3 How should it have been architected for scalability in the first place?
4 Why do I hate marketing messages?
Answers in the feedback
1 The GUID code on the separate server was hardly doing anything and being called every time any customer access happened. It took a lot longer to get through the network stack than it did to run the code so the network became the bottleneck
2 To put the GUID code back on the business server.
3 The GUID code should have been put in the client
4 The message "Just distribute the code and that gives you scalability using scale out" is not very smart.
I dont envy your job Michael.. ;)
one thing I don't understand, in your post you said "I suggested a quick rebuild of the application with a simple change and then a retest...", but then you said that the solution was to move the GUI code back to the server, I guess GUID code was in a DLL and that DLL could have been moved to the business server without recompiling, wasn't it ?

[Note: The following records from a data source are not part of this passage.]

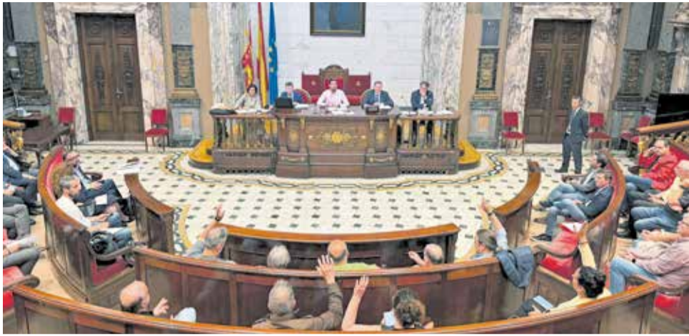
Un pleno celebrado por la EMTRE en el Ayuntamiento de Valencia.
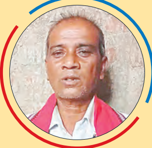
ଅରକ୍ଷିତ ସ୍ୱାଇଁ ସଂକୀର୍ତ୍ତନ ଗାୟକ, ନିଆଳି, କଟକ

କଳି କଳୁଷ ନିବାରଣା କେବଳ ନାମ ସଂକୀର୍ତ୍ତନ ॥ କୃଷ୍ଣ ମୂରତି ଭଗବାନ \ କେବଳ ନାମ ସଂକୀର୍ତ୍ତନ... ଯେଉଁଠି ନାମ ହୁଏ, ସେହି ସ୍ଥାନରେ ପରମବ୍ରହ୍ମ ନାରାୟଣ ବିରାଜମାନ କରନ୍ତି । ସେ ସ୍ଥାନ ପାଲଟିଯାଏ ବୈକୁଣ୍ଠପୁର । ନାମ ହିଁ ପରମ ଧର୍ମ, ନାମ ହିଁ ପରମ ତପ । ନାମ ହିଁ ପରମ ବନ୍ଧୁ । ନାମଠାରୁ ଶ୍ରେଷ୍ଠ ପଦାର୍ଥ ସଂସାରରେ କିଛି ନାହିଁ । କାଶୀ କ୍ଷେତ୍ରରେ ଲକ୍ଷେ ଧେନୁ ଦାନ କଲେ ଯେତକି ପୂର୍ଣ୍ଣ ହୁଏ, ମାତ୍ର ମାସରେ ପ୍ରୟାଗ ଚାର୍ଯ୍ୟରେ ସ୍ନାନ କଲେ ତାହାର ପୂର୍ଣ୍ଣଫଳ ଏବଂ ସୁମେରୁ ତୁଲ୍ୟ ସୁନା ଦାନ କଲେ ଯେତକି ପୂର୍ଣ୍ଣ ହୁଏ, ନାମ ସଂକୀର୍ତ୍ତନ କଲେ ସେତକି ପୂର୍ଣ୍ଣ ମିଳେ । ତେଣୁ ପ୍ରଭୁଙ୍କ ନାମ ସଂକୀର୍ତ୍ତନ ଓ ତାଙ୍କ ଗୁଣକୁ ସବୁଠି ପ୍ରଚାର କରିବାକୁ ୧୦ଜଣ ସଦସ୍ୟଙ୍କୁ ନେଇ ‘ମାଧ୍ୟବାନନ୍ଦ ଜାଉ ସଂକୀର୍ତ୍ତନ ମଣ୍ଡଳୀ’ ଗଢ଼ିଛି । ୧୯୮୦ ମସିହାରୁ ଏଯାବତ ଓଡ଼ିଶାର ପ୍ରାୟତଃ ଜିଲ୍ଲାର ଗ୍ରାମାଞ୍ଚଳ, ସହରାଞ୍ଚଳ ସମେତ ରାଜ୍ୟ ସଂକୀର୍ତ୍ତନ ମହୋତ୍ସବରେ ଯୋଗଦେଇ ପ୍ରଭୁଙ୍କ ଗୁଣଗାନ କରୁଛି । ଅଧିକାଂଶ ନାମ ସଂକୀର୍ତ୍ତନ, ଓଡ଼ିଶା ସଂକୀର୍ତ୍ତନ, ଗୁଣ କୀର୍ତ୍ତନ କରି ପ୍ରଭୁଙ୍କ ସମସ୍ତ ଲାଳା, ତାଙ୍କର ମହିଳା ଓ ଜୀବନଭିତ୍ତିକ ଗାଥାକୁ ସଂକୀର୍ତ୍ତନ ମାଧ୍ୟମରେ ଲୋକଙ୍କ ସାମ୍ନାରେ ପରିବେଷଣ କରୁଛି । ନାମ ସଂକୀର୍ତ୍ତନକୁ ପେସା ନୁହେଁ, ନିଶା ଭାବେ ଗ୍ରହଣ କରିଛି । ତେବେ ଠାକୁରଙ୍କ ନାମ ଓ ଗୁଣ ପ୍ରଚାର କରିବା, ସଂକୀର୍ତ୍ତନ ଜରିଆରେ ଲୋକଙ୍କୁ ସଚେତନ କରିବା ଆମର ପୁଣ୍ୟ ଉଦ୍ଦେଶ୍ୟ । ■
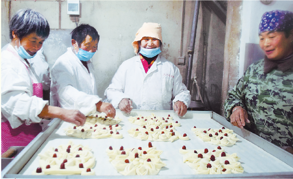
淮阳区新站镇一家馍店正做枣山
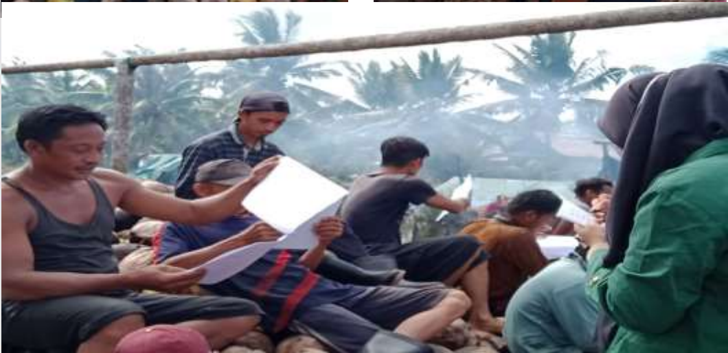
FOTO DOKUMENTASI PENYEBARAN ANGKET DI PARIT 12 DUSUN II DESA SUNGAI SIMBAR KECAMATAN KATEMAN KABUPATEN INDRAGIRI HILIR
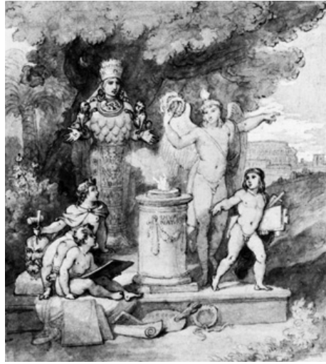
17. Tommaso Minardi, Il Genio delle Belle Arti offre le tre corone all'altare di Artemide Efesia come dea della Natura , 1808, Roma, Galleria Nazionale d'Arte Moderna

Proprio la presenza di questa personificazione allegorica doveva rendere la statua ancora più eloquente nell'ambito del dibattito artistico contemporaneo, una figura virtuosisticamente cesellata nei suoi attributi, derivati da una crasi tra quelli di due diverse divinità orientali, Artemide Efesia dalle numerose "mammelle" e i simboli zodiacali e Afro-

Why the need to recompile ?
It was actually a DCOM component.
Nice post. I've been in similar situations myself, though perhaps not as much a as a do or die situation.
Do you think that their profiling was "wrong" since you said "GUID code on the separate server was hardly doing anything"??
This is a very good post Michael. We can learn a lot from your experiences like this. Keep bloggin...
Good example of expanding your view; especially /wrt premature optimization. It seems a little crazy to profile and observe a bottleneck, apply a remidy and not reprofile to see if there was any effect (good or bad).
I do disagree with your answer to 3. Depending on how important GUIDs are to your application you may not want the client giving you the GUID.
What would be the impact if the client always gave you the same GUID? Or if different clients gave you the same GUID?
How trustworthy is your client? Are you writing the client? Will it be put into the hands of someone who could gain by modifying the client (pleasure, money, fame...)?
Letting your client manage a core precondition (uniqueness) of your application is dangerous.
The pofiling was correct, their solution was wrong.
The GUID was a UUID so unique. The clients were all terminals for internal telesales reps so inside the firewall and locked down.
A little knowledge is a dangerous thing.
The problem is that the world is littered with a little knowledge all over the place.
But always remember that in some areas you will be the one with a little knowledge :).
supposedly they moved the GUID code OFF the main server in the beginning... so they moved it back to the main and it fixed it?
whats going on here?
and how could 50 users' guid generating use up 30% of cpu?
i'm assuming the profiling was throwing FAR more than 50 users at the app... So I guess somebody said, "since the cpu will 30% spike with 100,000,000,xxx users, this could become a bottleneck?" this is bizarre thinking.
i guess i'm a little confused as to the solution, and why the guid was even moved to a different server in the first place...
I like the comment about a little knowledge:
"A little knowledge is dangerous.
the world is full of a lot of little knowledge."
And its so SO true.
I wasnt quite clear when I wrote this, it was 30% of the cpu usage by the application, not total. The app with the profile test was only about 30% of the total cpu, the rest being system idle.
Actually even though this was a simple app I think there were problems in the UUID code to get to this level of utilisation.
The thing I find in my experience, is that if you had you offered that suggestion at the beginning of the project they would have argued and argued that it wouldn't work. Only when customers get in a real bind do they really start to listen, because only at that point do they truly understand that they don't have all the right answers.